For FRET (Förster resonance energy transfer) measurements, IM30-CFP and IM30-Venus were expressed as described43 and copurified after mixing cell pellets prior to cell lysis in a ratio of 27% CFP and 63% Venus (w/w). A solution with 0.2 µM of the purified CFP/Venus labeled IM30 rings was incubated with increasing DOPG concentrations (0–1000 µM lipid, unilamellar liposomes) for ~2 h at RT. Fluorescence was measured using a FluoroMax 4 fluorimeter (Horiba Scientific). For FRET measurements, an excitation wavelength of 420 nm (slit width 3 nm) was chosen and spectra were recorded from 440–700 nm (slit width 3 nm). In order to correct for the contribution of liposome light scattering and to detect a change in the relative contribution of CFP and Venus fluorescence due to decreased FRET, a superposition of spectra measured for the individual components in absence of the others was fitted to each spectrum (Eq. (1)) yielding the fractional contribution f for each spectrum, relative to the corresponding reference spectrum.

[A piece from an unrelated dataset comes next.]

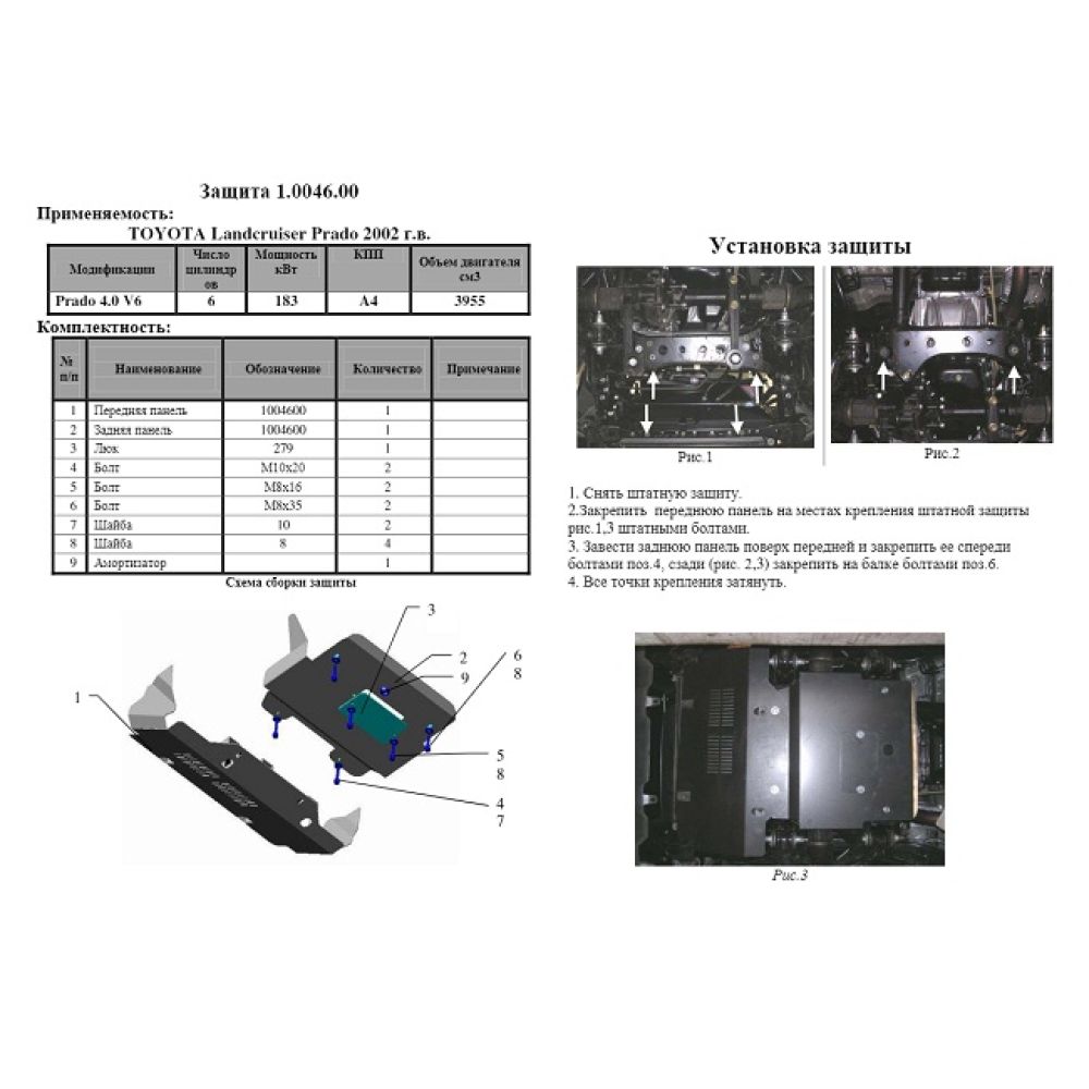 Установка і кріплення - захист двигуна Кольчуга встановлюється в штатні місця на днище автомобіля за допомогою спеціальних кріплень, які йдуть в комплекті і передбачені заводом виробника. В установці не знадобиться додатково допрацьовувати свердлити зварювати і так далі.
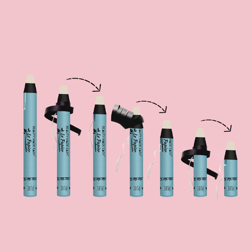 - Quando a ponta do batom estiver pequena, puxe a fita do lápis até que a ponta do bálsamo esteja visível e seja fácil de aplicar.

$$S_{{\mathrm{meas}}} = f_{{\mathrm{lip}}}S_{{\mathrm{lip}}} + f_{{\mathrm{cfp}}}S_{{\mathrm{cfp}}} + f_{{\mathrm{ven}}}S_{{\mathrm{ven}}}$$
(1)

The buffer spectrum was subtracted beforehand. In presence of liposomes fcfp tends to increase, while fven tends to decrease, indicating reduced FRET. Since the overall change is not very large, the trend in the values for f is overlaid by the slight change in the individual apparent quantum yields, as determined by measuring the CFP and Venus fluorescence in absence of the FRET partner, but presence of lipids. Furthermore, variations in the IM30 concentration leads to scattering of the f values. In order to correct for the variations of IM30 concentration, the data are presented as ratio of fven/fcfp and finally normalized to the value in absence of liposomes. By comparing the resulting curve with the one observed for the controls (fven/fcfp obtained individually in absence of the FRET partner) the effect of FRET can be distinguished from the effect of changes in quantum yield due to the presence of liposomes. This procedure was performed for three sets of data (each including control and FRET measurements), and the average and standard error calculated for the resulting normalized f-ratio.

CD spectroscopy

CD spectra of IM30*, IM30_H3b-7, and IM30 WT (0.1 mg/mL) were measured in absence and presence of 2,2,2-trifluoroethanol (TFE, 8 M) using a JASCO-815 CD spectrometer with an MPTC-490S temperature-controlled cell holder. Spectra were measured from 260 to 190 nm (cell length 0.1 cm, 1 nm data pitch, 5 nm bandwidth, 100 nm/min, 1 s data integration time, averaged over 6 accumulations of the same sample). Spectra were smoothed with a Savitzky-Golay filter and the spectra of three samples were averaged. The secondary structure composition was analyzed with BeStSel45.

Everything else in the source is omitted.